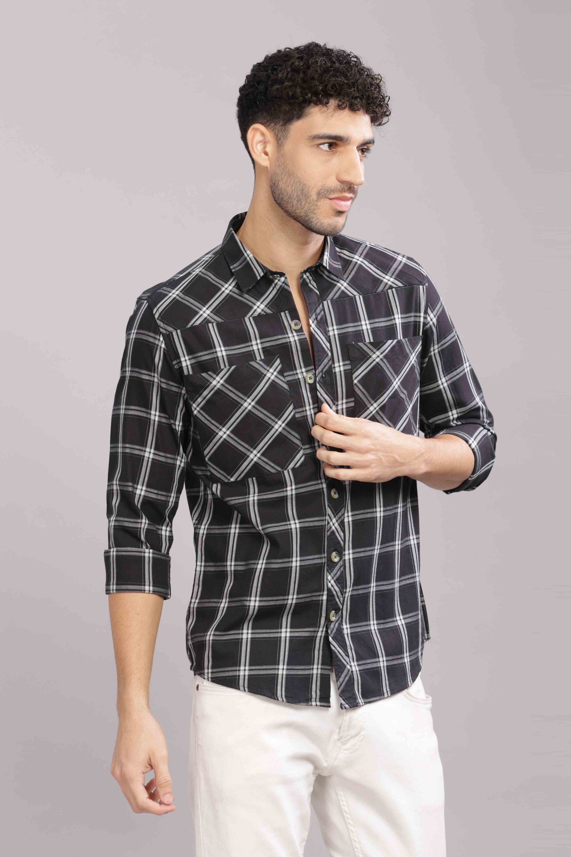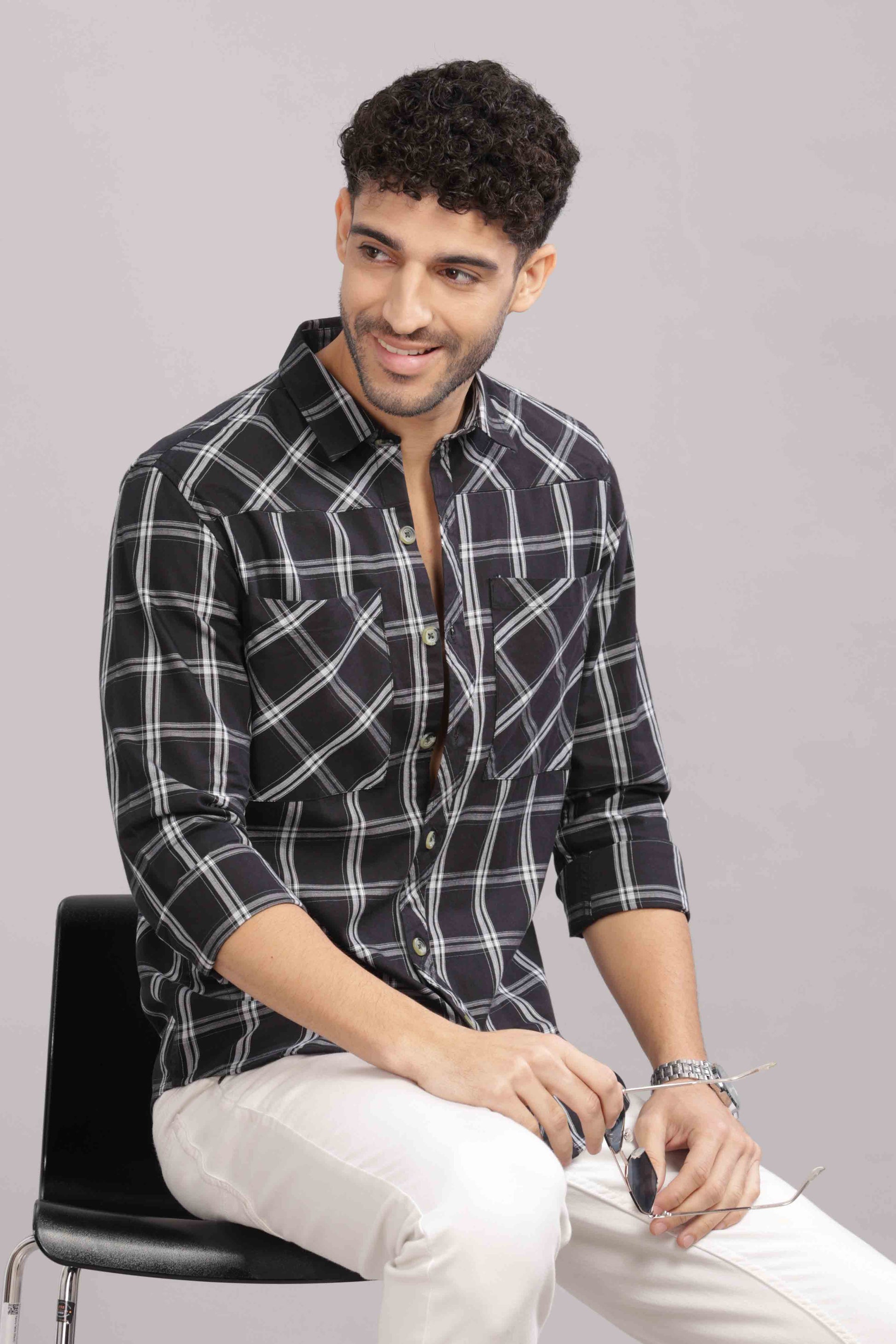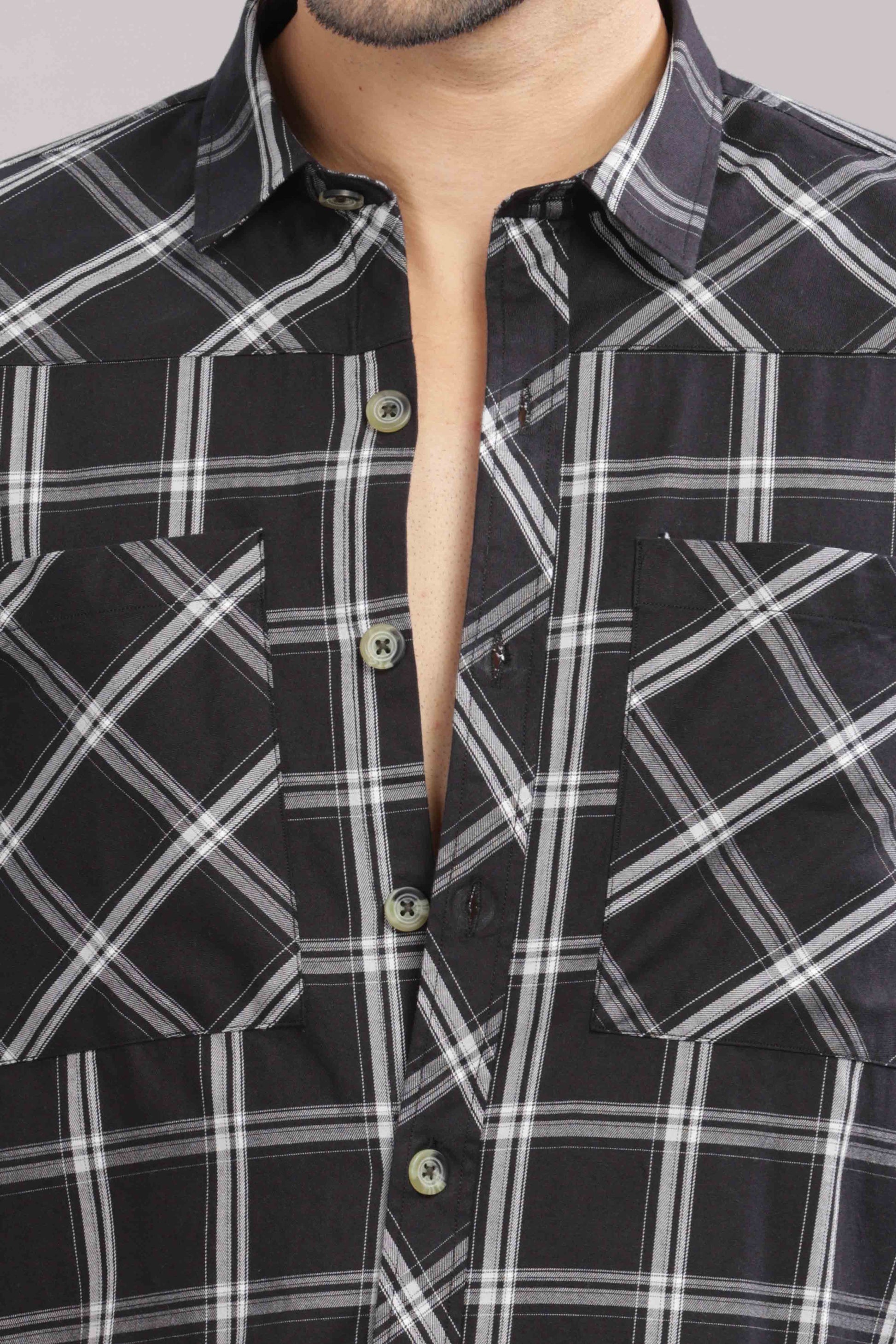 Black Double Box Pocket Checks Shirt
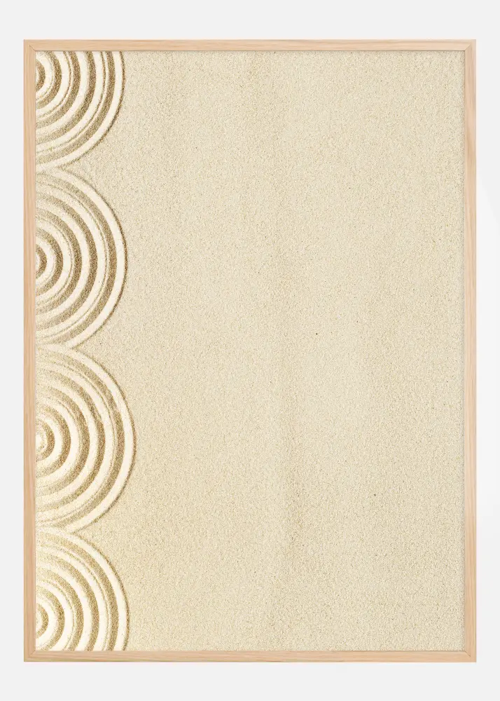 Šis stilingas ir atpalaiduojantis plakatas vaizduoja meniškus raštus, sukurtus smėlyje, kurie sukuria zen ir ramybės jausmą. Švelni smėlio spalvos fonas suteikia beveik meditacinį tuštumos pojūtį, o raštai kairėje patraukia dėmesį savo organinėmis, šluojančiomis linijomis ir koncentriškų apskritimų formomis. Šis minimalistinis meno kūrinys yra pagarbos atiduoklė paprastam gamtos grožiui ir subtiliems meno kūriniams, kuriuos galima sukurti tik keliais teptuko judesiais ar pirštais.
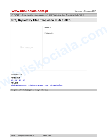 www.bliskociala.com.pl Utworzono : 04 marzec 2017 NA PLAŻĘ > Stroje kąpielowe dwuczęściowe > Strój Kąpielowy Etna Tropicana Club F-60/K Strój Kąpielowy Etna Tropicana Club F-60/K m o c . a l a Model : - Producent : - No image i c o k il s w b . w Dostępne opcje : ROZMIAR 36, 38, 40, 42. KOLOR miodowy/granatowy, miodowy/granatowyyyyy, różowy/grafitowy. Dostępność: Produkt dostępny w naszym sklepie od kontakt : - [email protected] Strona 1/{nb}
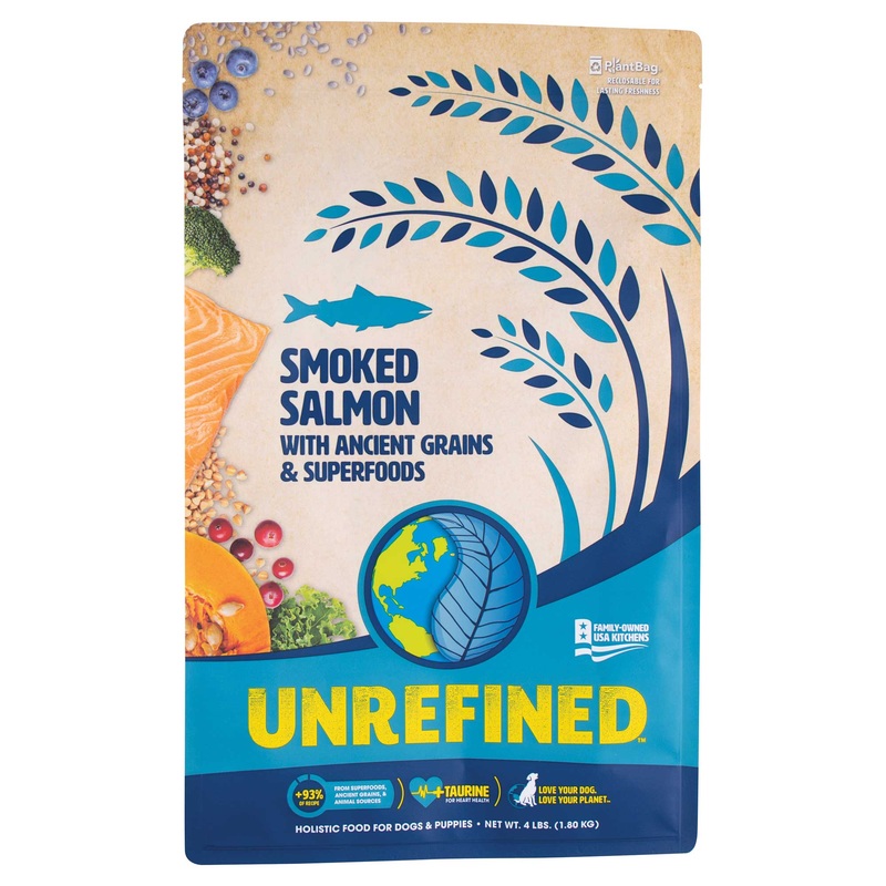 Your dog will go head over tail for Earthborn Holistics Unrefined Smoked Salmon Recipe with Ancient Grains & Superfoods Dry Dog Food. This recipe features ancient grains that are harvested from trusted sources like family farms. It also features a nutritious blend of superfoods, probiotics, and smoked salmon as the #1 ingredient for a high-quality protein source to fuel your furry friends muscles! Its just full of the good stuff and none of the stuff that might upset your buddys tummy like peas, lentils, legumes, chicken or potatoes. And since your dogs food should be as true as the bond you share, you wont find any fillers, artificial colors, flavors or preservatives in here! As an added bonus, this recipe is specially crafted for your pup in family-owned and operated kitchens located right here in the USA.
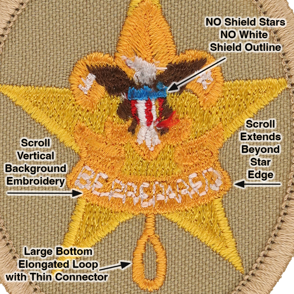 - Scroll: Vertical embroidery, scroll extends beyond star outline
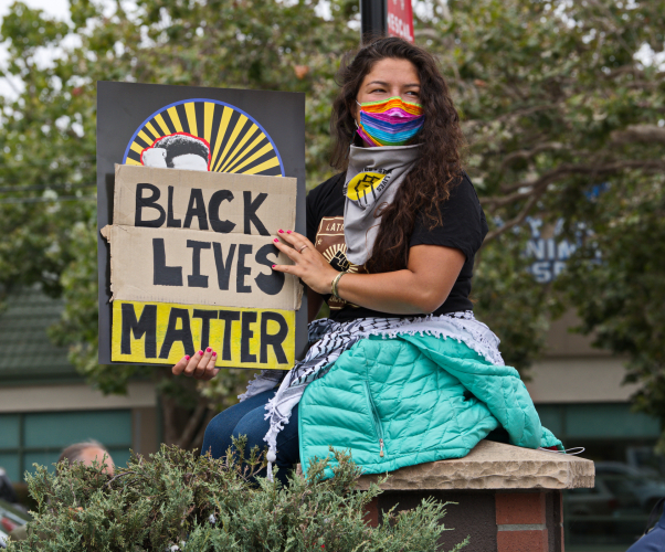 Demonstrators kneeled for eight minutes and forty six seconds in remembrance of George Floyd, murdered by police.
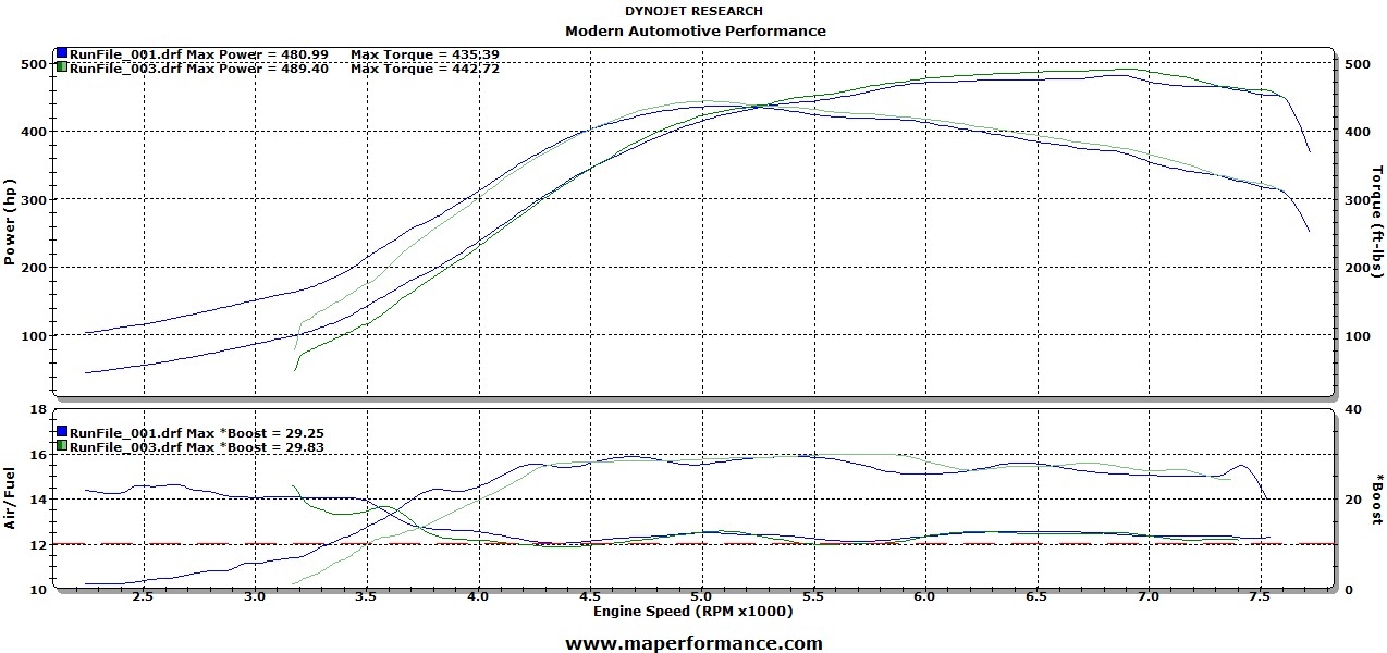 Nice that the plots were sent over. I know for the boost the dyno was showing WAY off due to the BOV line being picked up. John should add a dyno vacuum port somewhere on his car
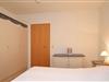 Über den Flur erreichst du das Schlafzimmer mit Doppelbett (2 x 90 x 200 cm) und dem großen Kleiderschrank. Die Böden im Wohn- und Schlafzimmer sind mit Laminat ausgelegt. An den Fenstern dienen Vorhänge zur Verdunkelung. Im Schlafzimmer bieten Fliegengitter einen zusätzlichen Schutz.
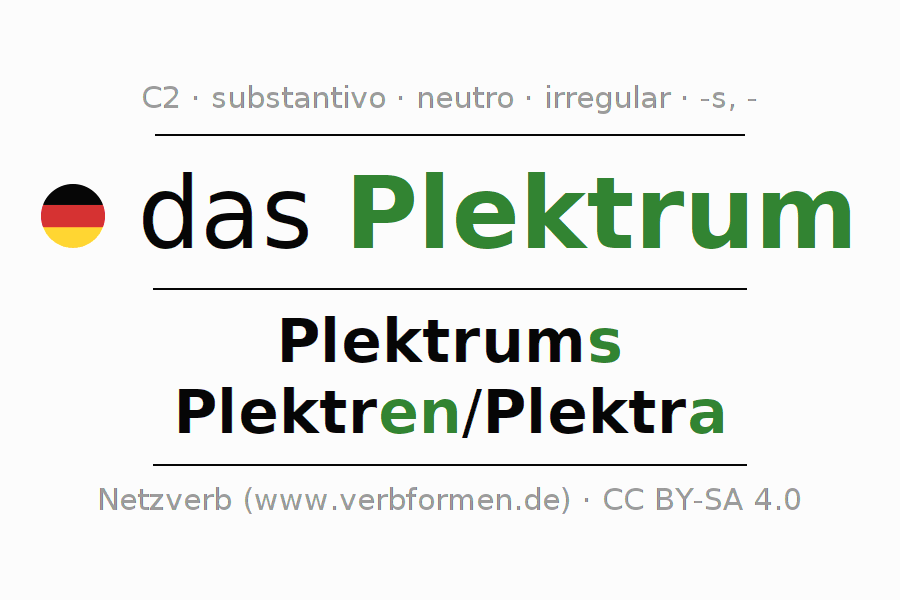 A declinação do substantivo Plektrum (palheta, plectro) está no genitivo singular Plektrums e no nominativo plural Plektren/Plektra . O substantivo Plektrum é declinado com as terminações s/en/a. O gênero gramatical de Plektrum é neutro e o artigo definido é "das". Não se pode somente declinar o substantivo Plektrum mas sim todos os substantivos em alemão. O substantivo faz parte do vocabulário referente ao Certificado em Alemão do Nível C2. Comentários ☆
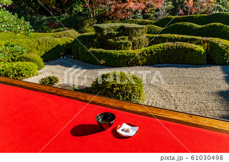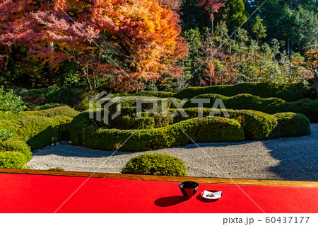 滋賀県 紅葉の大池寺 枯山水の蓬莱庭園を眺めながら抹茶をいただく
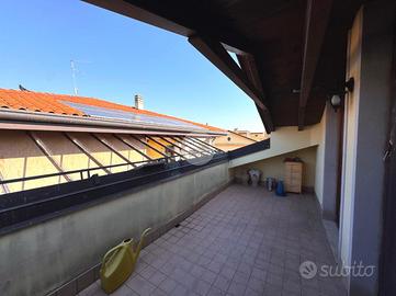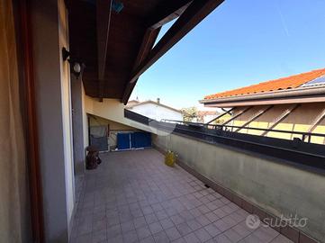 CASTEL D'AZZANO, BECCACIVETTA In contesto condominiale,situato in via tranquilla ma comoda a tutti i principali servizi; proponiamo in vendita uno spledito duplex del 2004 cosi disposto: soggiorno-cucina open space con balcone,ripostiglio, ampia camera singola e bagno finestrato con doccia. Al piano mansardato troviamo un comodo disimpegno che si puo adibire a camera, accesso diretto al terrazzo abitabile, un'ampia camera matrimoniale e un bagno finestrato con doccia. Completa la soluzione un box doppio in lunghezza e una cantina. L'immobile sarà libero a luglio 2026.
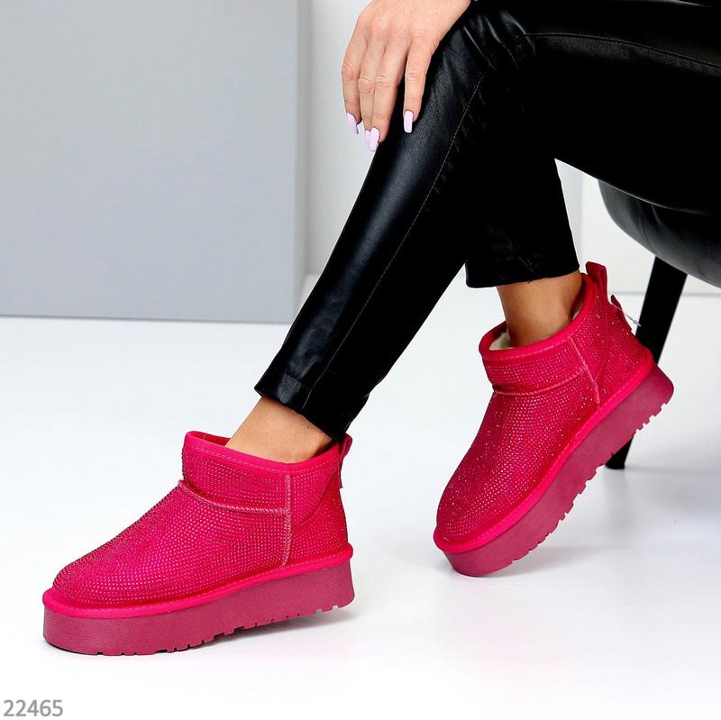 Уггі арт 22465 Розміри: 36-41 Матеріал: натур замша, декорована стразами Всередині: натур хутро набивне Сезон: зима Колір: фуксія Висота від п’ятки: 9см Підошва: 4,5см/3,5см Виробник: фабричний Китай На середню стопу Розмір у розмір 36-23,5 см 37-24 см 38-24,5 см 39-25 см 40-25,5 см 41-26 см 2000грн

=====

§ What you have to do: Your answer must be an exact copy of the records above, with every picture left out.

§ Task result:
 Black Double Box Pocket Checks Shirt
 Šis stilingas ir atpalaiduojantis plakatas vaizduoja meniškus raštus, sukurtus smėlyje, kurie sukuria zen ir ramybės jausmą. Švelni smėlio spalvos fonas suteikia beveik meditacinį tuštumos pojūtį, o raštai kairėje patraukia dėmesį savo organinėmis, šluojančiomis linijomis ir koncentriškų apskritimų formomis. Šis minimalistinis meno kūrinys yra pagarbos atiduoklė paprastam gamtos grožiui ir subtiliems meno kūriniams, kuriuos galima sukurti tik keliais teptuko judesiais ar pirštais.
 www.bliskociala.com.pl Utworzono : 04 marzec 2017 NA PLAŻĘ > Stroje kąpielowe dwuczęściowe > Strój Kąpielowy Etna Tropicana Club F-60/K Strój Kąpielowy Etna Tropicana Club F-60/K m o c . a l a Model : - Producent : - No image i c o k il s w b . w Dostępne opcje : ROZMIAR 36, 38, 40, 42. KOLOR miodowy/granatowy, miodowy/granatowyyyyy, różowy/grafitowy. Dostępność: Produkt dostępny w naszym sklepie od kontakt : - [email protected] Strona 1/{nb}
 Your dog will go head over tail for Earthborn Holistics Unrefined Smoked Salmon Recipe with Ancient Grains & Superfoods Dry Dog Food. This recipe features ancient grains that are harvested from trusted sources like family farms. It also features a nutritious blend of superfoods, probiotics, and smoked salmon as the #1 ingredient for a high-quality protein source to fuel your furry friends muscles! Its just full of the good stuff and none of the stuff that might upset your buddys tummy like peas, lentils, legumes, chicken or potatoes. And since your dogs food should be as true as the bond you share, you wont find any fillers, artificial colors, flavors or preservatives in here! As an added bonus, this recipe is specially crafted for your pup in family-owned and operated kitchens located right here in the USA.
 - Scroll: Vertical embroidery, scroll extends beyond star outline
 Demonstrators kneeled for eight minutes and forty six seconds in remembrance of George Floyd, murdered by police.
 Nice that the plots were sent over. I know for the boost the dyno was showing WAY off due to the BOV line being picked up. John should add a dyno vacuum port somewhere on his car
 Über den Flur erreichst du das Schlafzimmer mit Doppelbett (2 x 90 x 200 cm) und dem großen Kleiderschrank. Die Böden im Wohn- und Schlafzimmer sind mit Laminat ausgelegt. An den Fenstern dienen Vorhänge zur Verdunkelung. Im Schlafzimmer bieten Fliegengitter einen zusätzlichen Schutz.
 A declinação do substantivo Plektrum (palheta, plectro) está no genitivo singular Plektrums e no nominativo plural Plektren/Plektra . O substantivo Plektrum é declinado com as terminações s/en/a. O gênero gramatical de Plektrum é neutro e o artigo definido é "das". Não se pode somente declinar o substantivo Plektrum mas sim todos os substantivos em alemão. O substantivo faz parte do vocabulário referente ao Certificado em Alemão do Nível C2. Comentários ☆
 滋賀県 紅葉の大池寺 枯山水の蓬莱庭園を眺めながら抹茶をいただく
 CASTEL D'AZZANO, BECCACIVETTA In contesto condominiale,situato in via tranquilla ma comoda a tutti i principali servizi; proponiamo in vendita uno spledito duplex del 2004 cosi disposto: soggiorno-cucina open space con balcone,ripostiglio, ampia camera singola e bagno finestrato con doccia. Al piano mansardato troviamo un comodo disimpegno che si puo adibire a camera, accesso diretto al terrazzo abitabile, un'ampia camera matrimoniale e un bagno finestrato con doccia. Completa la soluzione un box doppio in lunghezza e una cantina. L'immobile sarà libero a luglio 2026.
 Уггі арт 22465 Розміри: 36-41 Матеріал: натур замша, декорована стразами Всередині: натур хутро набивне Сезон: зима Колір: фуксія Висота від п’ятки: 9см Підошва: 4,5см/3,5см Виробник: фабричний Китай На середню стопу Розмір у розмір 36-23,5 см 37-24 см 38-24,5 см 39-25 см 40-25,5 см 41-26 см 2000грн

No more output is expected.